Identifying the gaps in marketers’ budgets, channels and media strategies that are compromising returns on investment (ROI) on media plans, Nielsen has recently released its first-ever ROI Report that reveals data and delivers insights on what drives returns on ad spends. It focuses on how to measure the returns, and how to improve on the metrics brands already have, with content unique to advertiser, agency, and publishers.

According to the new Nielsen report, about half of marketers are not spending enough in a channel to get maximum ROI. While a poor ROI might cause brands to pull back on spending, Nielsen found that spend often needs to be higher to break through and drive returns. Nielsen’s ‘50-50-50 Gap’ states that while 50 percent of media plans are underinvested by a median of 50 percent, ROI can be improved 50 percent with the ideal budget.

Beyond budgeting, the ROI Report delivers key insights and recommendations to deliver higher ROI across multiple marketing areas including the following parameters.

Full funnel marketing: It’s rare for channels to deliver above average returns for both brand and sales outcomes, with 36 percent of media channels faring above average on both revenue and brand metrics.

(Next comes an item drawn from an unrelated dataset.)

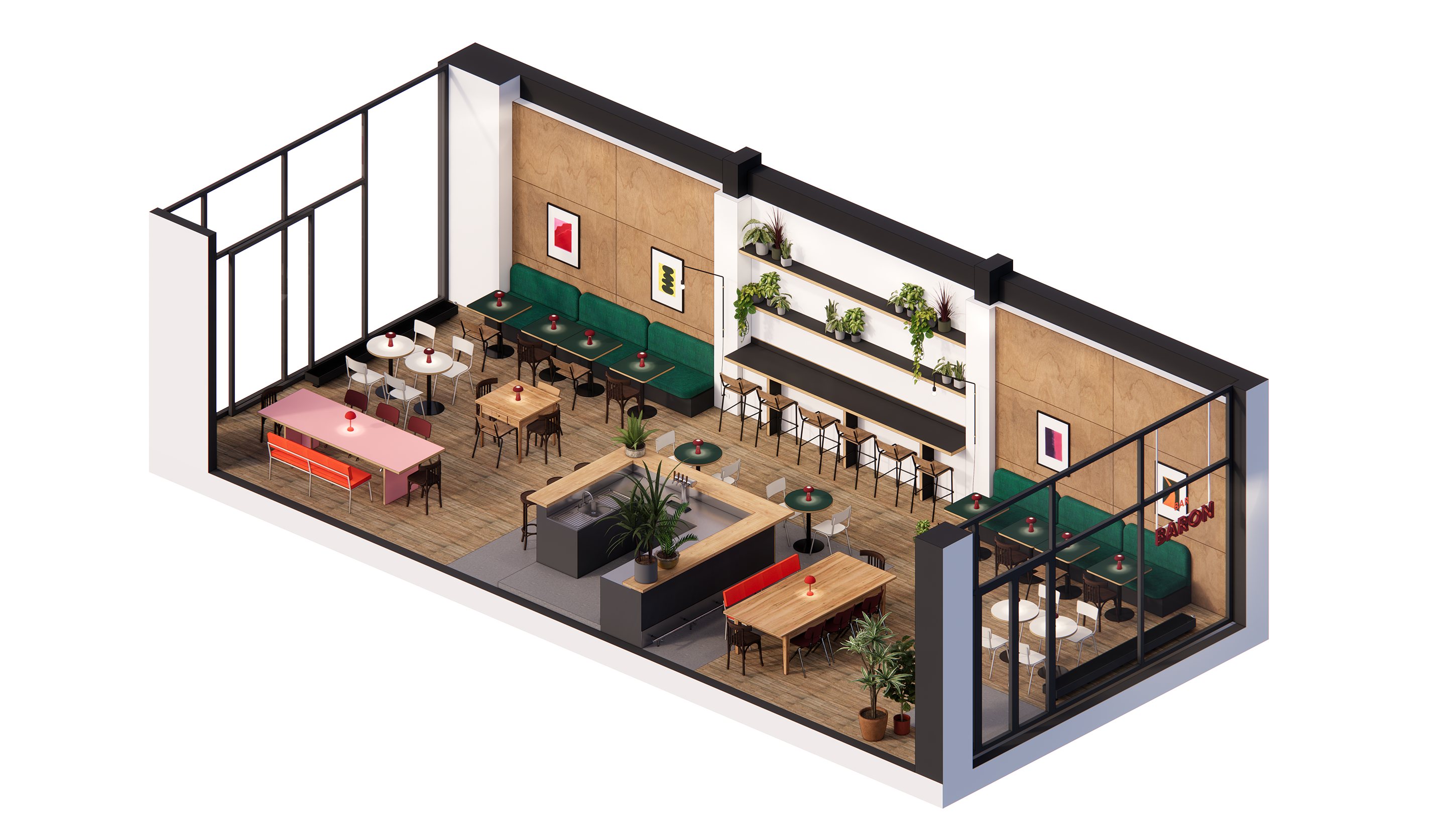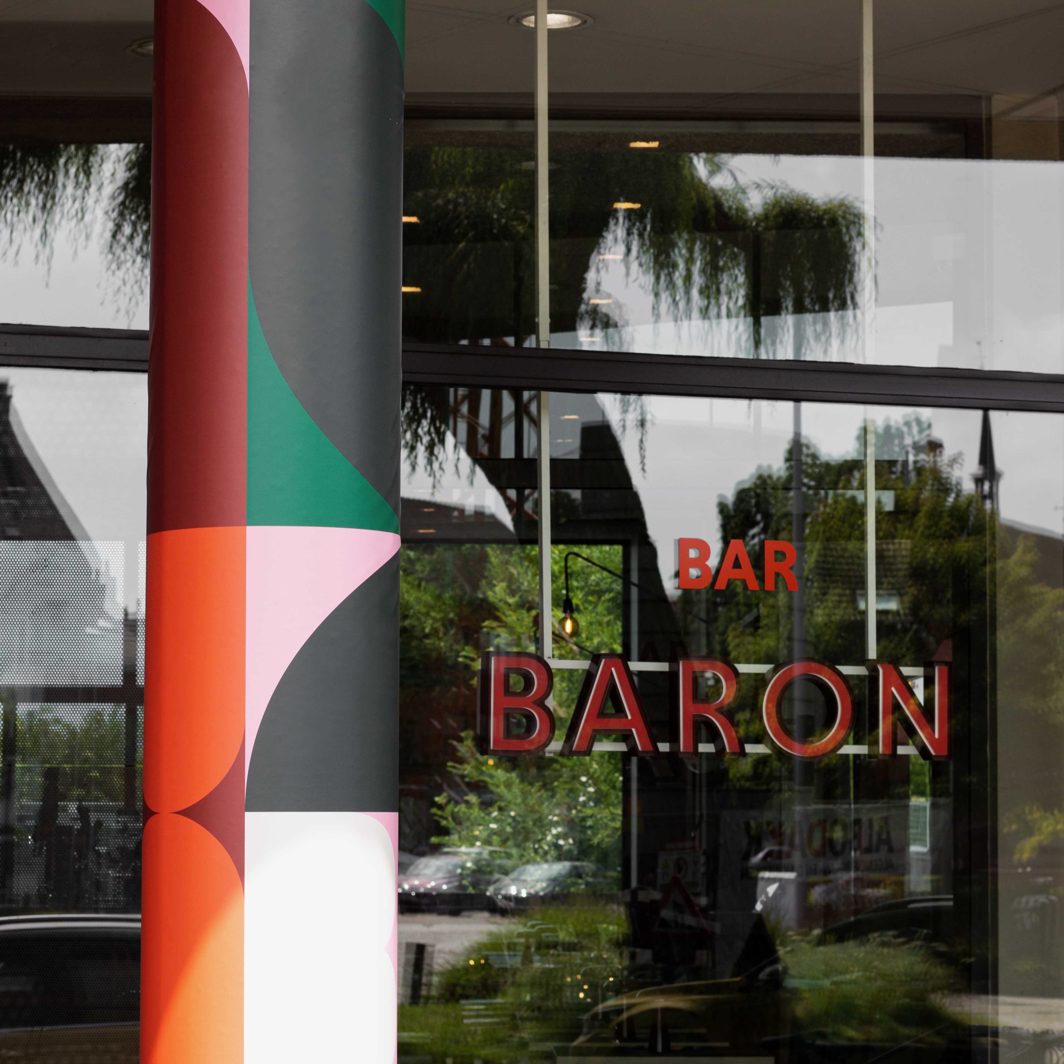 The café we're referring to is the well-known café 'De Curve' located at Baron August de Becker Remyplein in Kessel-Lo (Leuven). This popular neighbourhood café underwent a metamorphosis, reemerging as 'Bar Baron' – a homage to its surroundings.The café's new identity is characterized by a distinctive color palette that is echoed throughout: on the walls, in the artwork, as well as in the furniture. Everything exudes a youthful, relaxed atmosphere that aligns with Unicorn's profile.
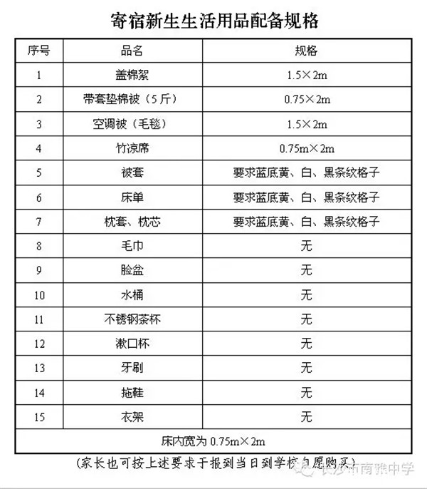 1、军训期间所有学生必须全部住校,(1)走读生由学校安排临时床位,敬请走读生家长于8月25日来校时备齐学生所需生活用品(自带水桶、拖鞋、水杯、换洗衣物、空调被、单人席子、衣架及其它生活必备用品等,严禁携带火种及危险物品和贵重物品),由班主任安排临时床位,军训结束后再搬走行李;(2)寄宿学生由班主任安排正式床位,带齐个人生活必需用品。

To grow ROI, brands should pursue a balanced strategy for both upper and lower funnel initiatives. Nielsen found that adding upper funnel marketing to existing lower and mid funnel marketing can grow overall ROI by 13-70 percent.

Emerging media: It’s difficult for brands to spend big amounts without proof that the new media works, but spending small amounts can make it hard to see if the media is working. Nielsen found that podcast ads, influencer marketing and branded content can deliver over 70 percent in aided brand recall, and that influencer marketing ROI is comparable to ROI from mainstream media.

Ad sales growth strategy: Ultimately, ROI will inform publisher pricing power. Publishers are not just competing against others in their channel, but also against other channels, so comparing channel ROIs can help set pricing strategy. The ROI Report uncovered that social media delivers 1.7x the ROI of TV, yet social gets less than one-third of TV ad budgets.

Audience measurement: Campaigns with strong on-target reach deliver better sales outcomes. However, only 63 percent of ads across desktop and mobile are on-target for age and gender in the US, meaning that on the channels with the most exhaustive data coverage and quality, over one third of ad spend is off-target. To capitalize on opportunity and drive impact, advertisers should prioritize measurement solutions that cover all platforms and devices, with near-real time insights.

“Nielsen’s 2022 ROI Report serves as a guide for all parties involved in ad spending—the brands, agencies and publishers. In a time when there are more channels than ever to reach desired audiences, it’s critical that insights on ROI are attainable and easy to understand,” said Imran Hirani, Vice President, Media & Advertiser Analytics, Nielsen. He adds, “Brands can’t afford to waste valuable ads on the wrong audiences. By investing wisely and having a balanced strategy of both upper-funnel and lower-funnel initiatives, brands can reach the right audiences and maximize their ROI.”

This is the first ROI Report produced by Nielsen. The ROI Report findings were generated by Nielsen’s experience in a wide range of measurement methods including Marketing Mix Models, Brand Impact studies, client-sourced marketing plans and expenditure data, attribution studies, and Ad Ratings. In most cases, data were organised into normative databases or meta-analyses across a sample of studies to produce insights that are representative of Nielsen’s entire experience, providing marketers, agencies and media sellers a more complete view of media effectiveness compared to a single company drawing from its own experience.